Cannes started today and the media frenzy that surrounds the festival seems to get greater each year. The Guardian‘s film editor Catherine Shoard has written a piece which perhaps reflect a mood amongst mainstream newspapers – focusing on celebrities, glamour and whether Cannes can predict Oscar contenders or offer sneak previews of Hollywood product to come. Fortunately, the festival organisers have done a pretty good job in attracting a more diverse range of films and filmmakers this year. There are perhaps too many American independents and French productions but that’s seemingly inevitable.

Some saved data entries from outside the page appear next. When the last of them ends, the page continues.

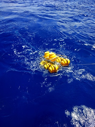 在船上的54天里,我們布放了14套潛標(biāo),回收了11套潛標(biāo),累計(jì)布放803件,回收了294件,其中也包括我們所生產(chǎn)的ADCP。雖然我主要負(fù)責(zé)我們的設(shè)備,但也負(fù)責(zé)了所有的潛標(biāo)布放,而在布放的過(guò)程中,最常見(jiàn)的天氣就是高溫炎熱,因?yàn)榇耙恢痹诔嗟栏浇鳂I(yè),所以船甲板溫度在40度以上,我們常常頂著毒辣的太陽(yáng)在甲板上布放,也讓布放增加了難度,而還有個(gè)自然因素就是以迅雷不及掩耳之勢(shì)襲來(lái)的暴雨,我們經(jīng)常在暴雨中連續(xù)作業(yè),全身都濕透了,也只能頂著暴雨堅(jiān)守戰(zhàn)地。而值得一提的是當(dāng)大風(fēng)以20m/s速度襲來(lái)時(shí),浪花直接拍到了6層駕駛室的玻璃上,仿佛將要把我們吞沒(méi),此時(shí)看著浩瀚無(wú)邊的海洋,一道道波浪不斷涌來(lái),撞擊在船體上,發(fā)出天崩地裂的吼聲,噴濺著雪白的泡沫。是那樣的壯觀。當(dāng)一切都回歸平靜的時(shí)候,又是那樣的云淡風(fēng)輕。
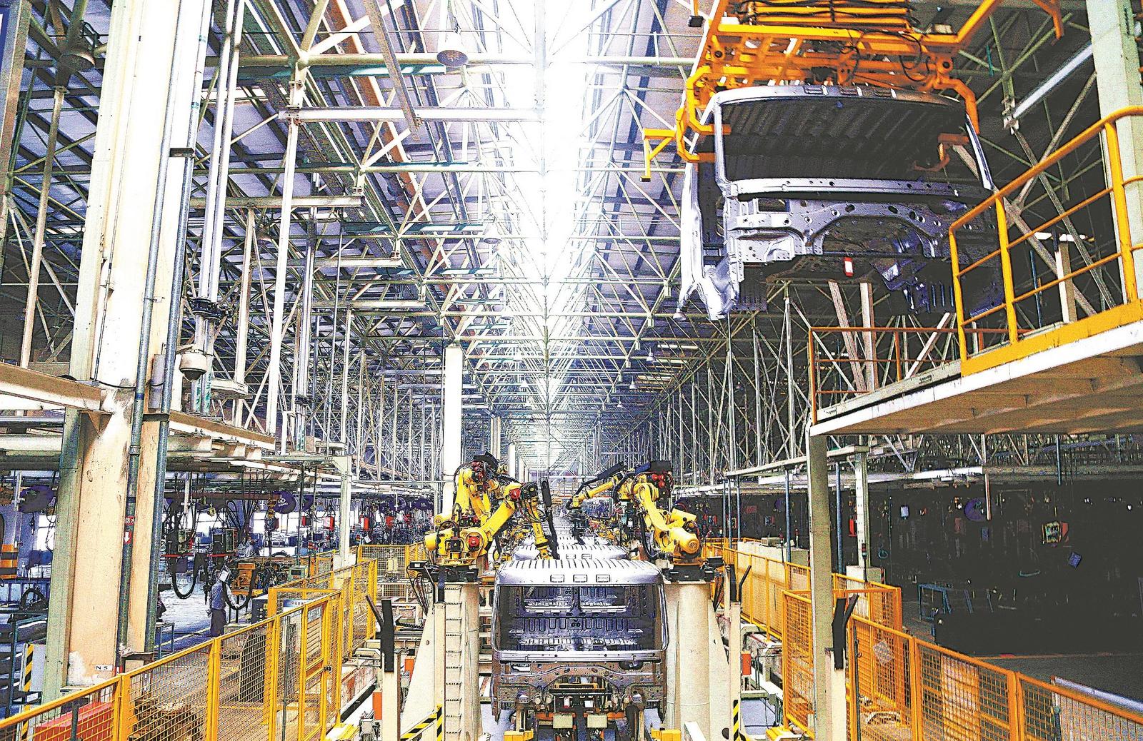 汉马科技全自动机器人焊接生产线在焊接新能源车驾驶室。通讯员 陈亚东 陈会松 摄
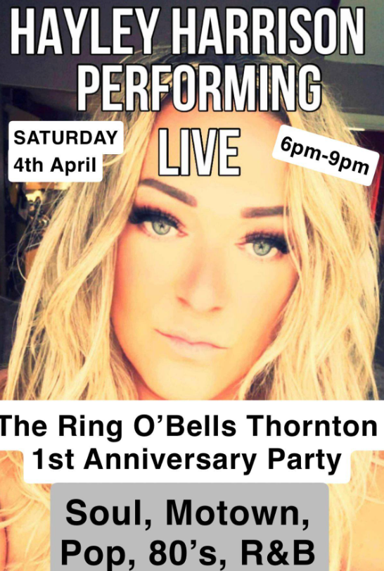 6pm to 9pm at the Ring o’ Bells, Hayley Harrison performing live – see poster
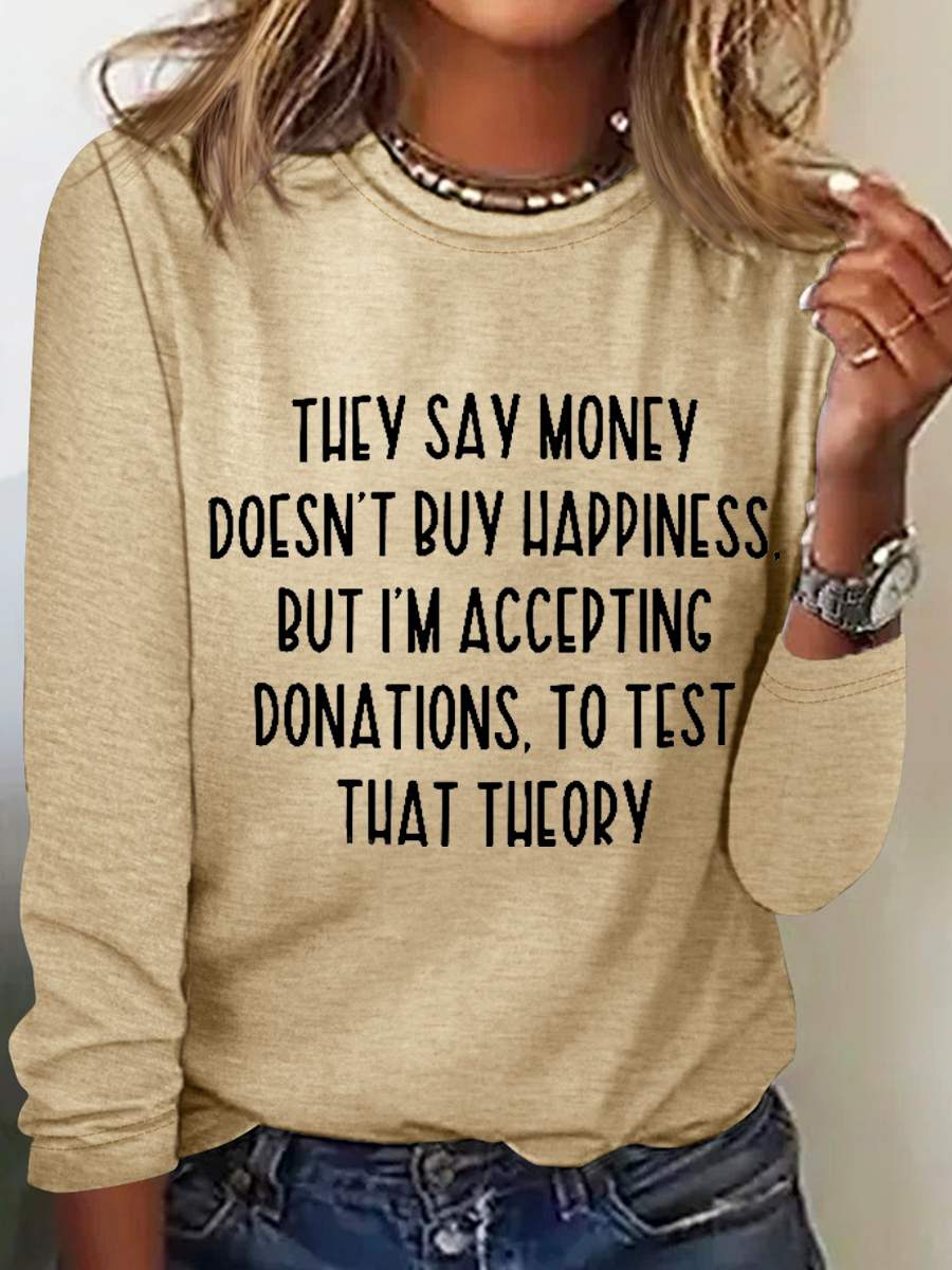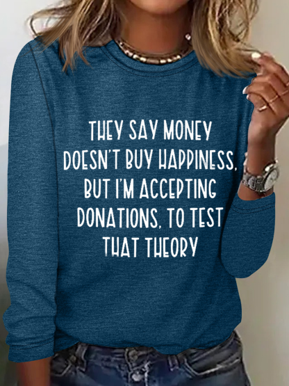 They Say Money Doesn't Buy Happiness Crew Neck Regular Fit Cotton-Blend Long Sleeve Shirt
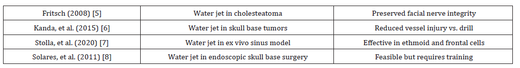 - Fritsch MH (2008) Endoscopic management of middle ear cholesteatoma using the water jet. Otol Neurotol 29(8): 1122-1129.
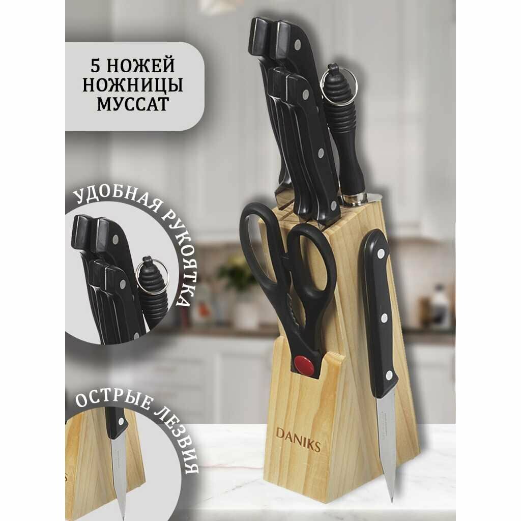 Набор Daniks 5 ножей, ножницы и мусат с подставкой
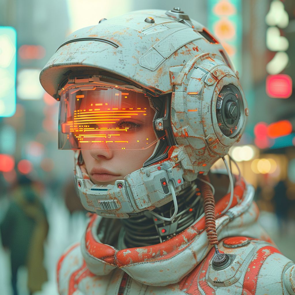 prompt: a person wearing future technology on their headGet starting with Generative AI
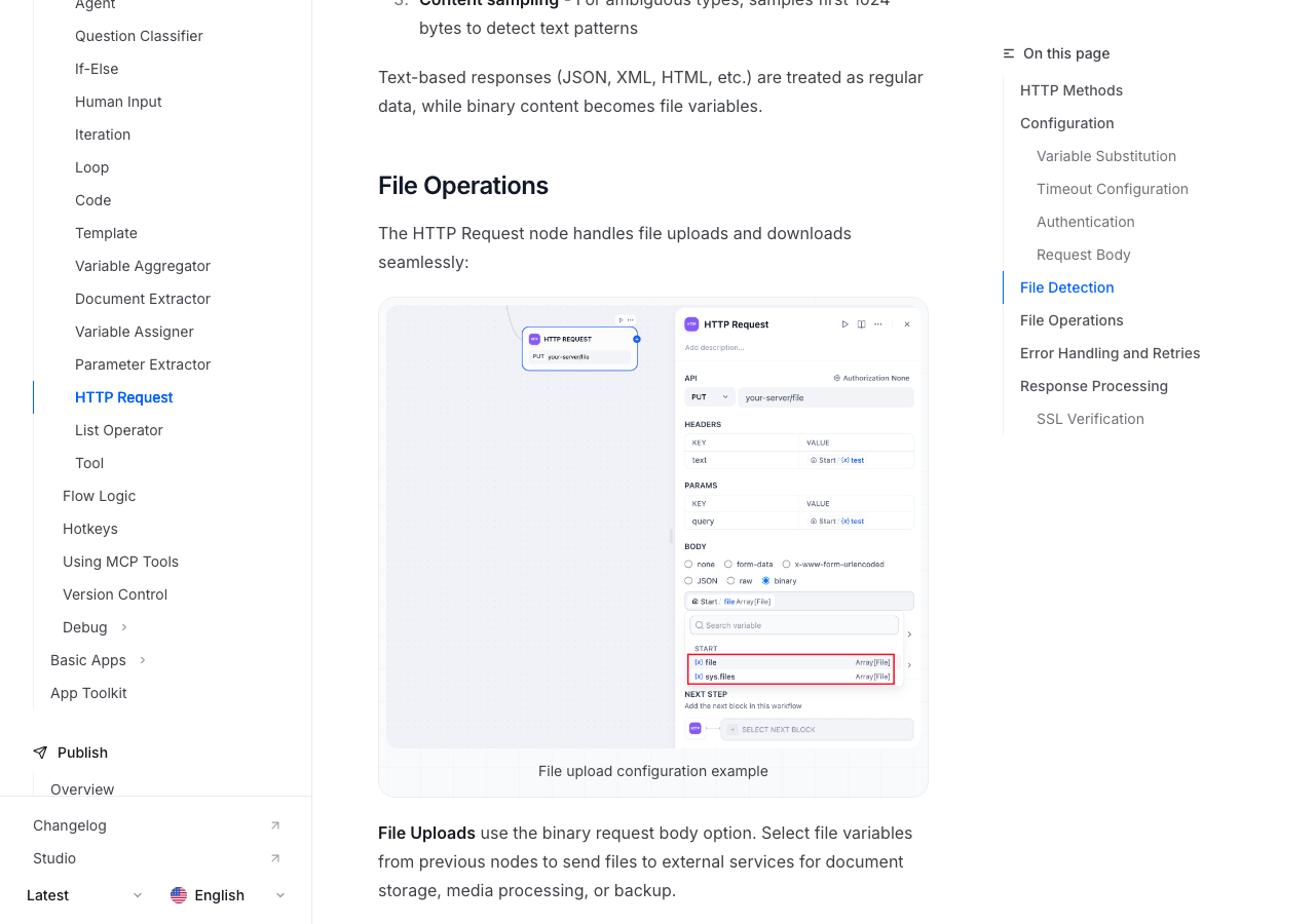 室谷これ、使いこなせるかどうかでDifyでできることが一気に広がるんですよね。HTTPリクエストノードはファイルレスポンスを自動検出してくれます。
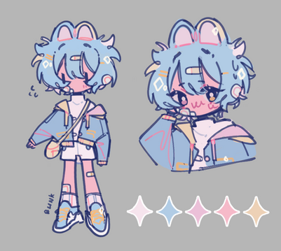 character i made originally to sell, but i became really attached as i was drawing them.. i have a very weird and sentimental attachment to the y2k aesthetic, which is what i was looking at for inspiration when i made them.----
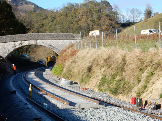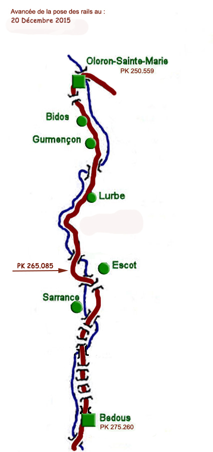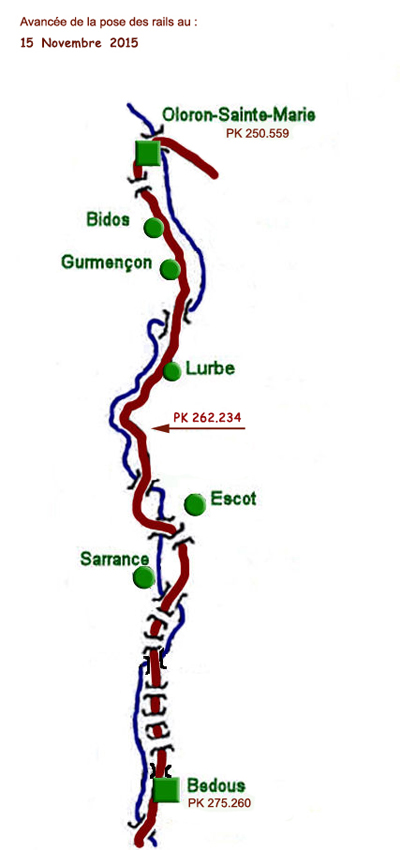En cette mi-novembre 2015 (le 18), la pose de voie est très exactement à mi-chemin entre Oloron et Bedous - symboliquement à mi-chemin aussi entre Pau et Canfranc - au pont-route des Estoueris, au sud de la commune de Lurbe ( PK 262 + 576). Il est donc temps de se préoccuper de la réouverture complète et des conditions futures d'exploitation des trafics voyageurs et fret !
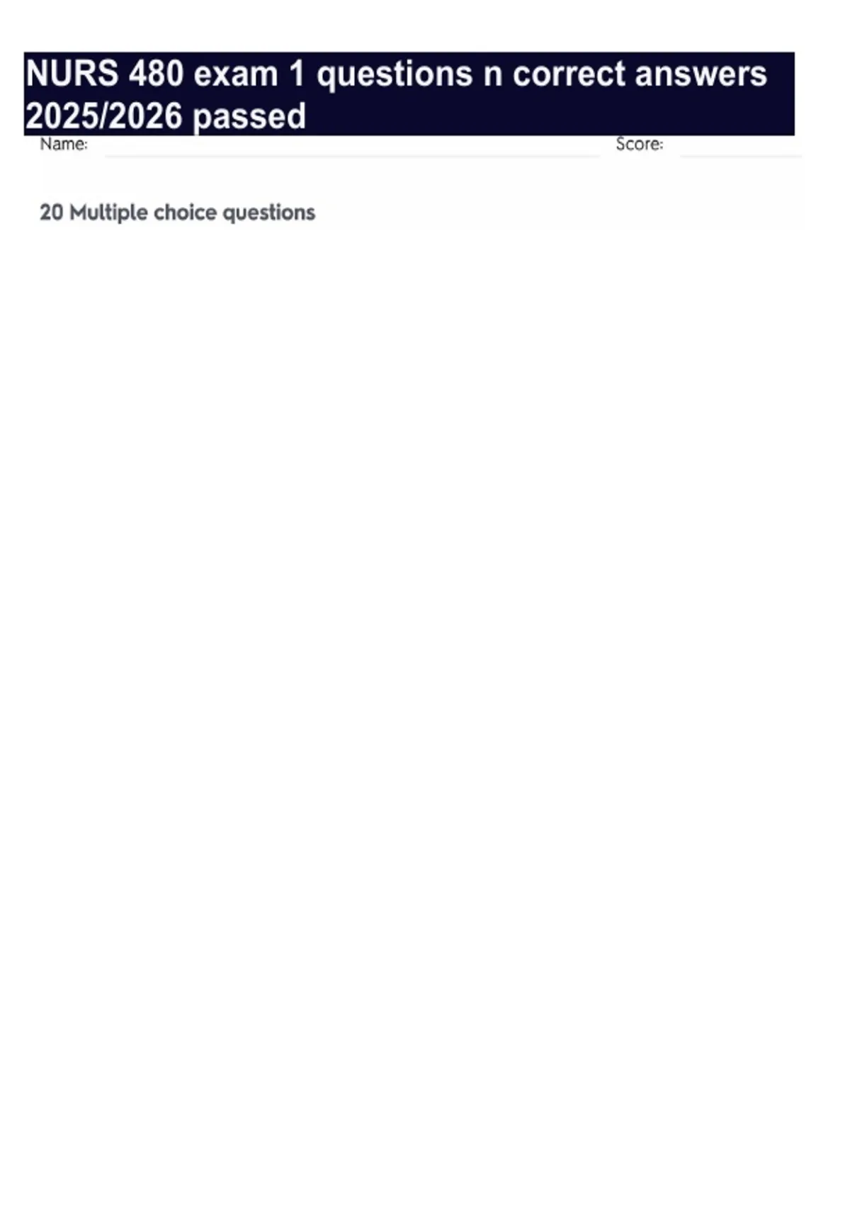 NURS 480 exam 1 questions n correct answers 2025/2026 passed
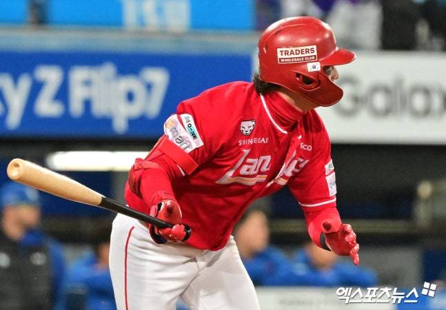이어 두 번째 타석에서는 빠른 발로 장타를 만들었다. SSG는 최정이 3회 선두타자 2루타를 때린 후, 김재환이 볼넷으로 나갔다. 여기서 고명준의 중전 적시타로 5-0으로 도망갔다. 한유섬이 병살타로 물러났지만, 주자는 3루로 갔다.

At least one of those French productions is directed by Asghar Farhadi and another by Abdellatif Kechiche; the single female director in competition, Valeria Bruni Tedschi comes under a French banner and Arnaud des Pallières is unknown to me. François Ozon and Arnaud Desplechin count as ‘usual suspects’. It’s good to see a Dutch and a Mexican director both returning after previous Cannes outings and there is a semblance of recognition for the importance of East Asian cinemas with the presence of Kore-eda Hirokazu, Miike Takashi and Jia Zhangke. Nicholas Winding Refn and Roman Polanski should stir things up and the Americans are all reliable performers. Paolo Sorrentino is almost a Cannes fixture and it’s good to see the return of Mahamat Saleh Haroun as the sole African representative – I hope he wins another prize.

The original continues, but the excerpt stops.